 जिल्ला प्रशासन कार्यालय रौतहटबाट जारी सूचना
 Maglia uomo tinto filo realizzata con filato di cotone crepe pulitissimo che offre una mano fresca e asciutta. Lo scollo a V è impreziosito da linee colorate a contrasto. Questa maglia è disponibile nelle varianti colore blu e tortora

--

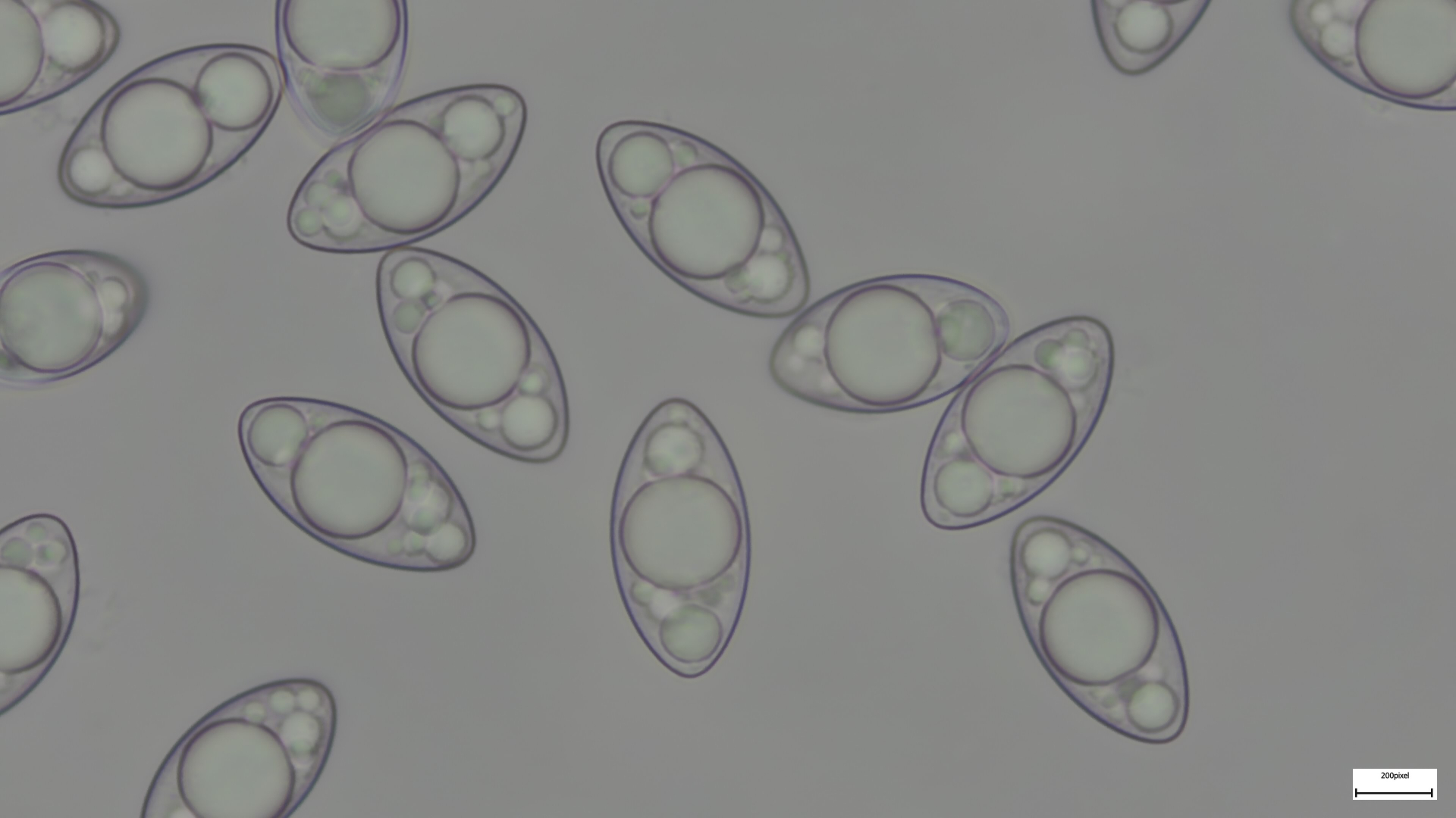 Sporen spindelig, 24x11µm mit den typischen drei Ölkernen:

ABOUT THIS TASK >> Of all the entries above, repeat only the lines from the line that has "जिल्ला प्रशासन कार्यालय रौतहटबाट जारी सूचना" to the line that has "Maglia uomo tinto", both lines included, exactly.

WRITTEN SOLUTION >>
 जिल्ला प्रशासन कार्यालय रौतहटबाट जारी सूचना
 Maglia uomo tinto filo realizzata con filato di cotone crepe pulitissimo che offre una mano fresca e asciutta. Lo scollo a V è impreziosito da linee colorate a contrasto. Questa maglia è disponibile nelle varianti colore blu e tortora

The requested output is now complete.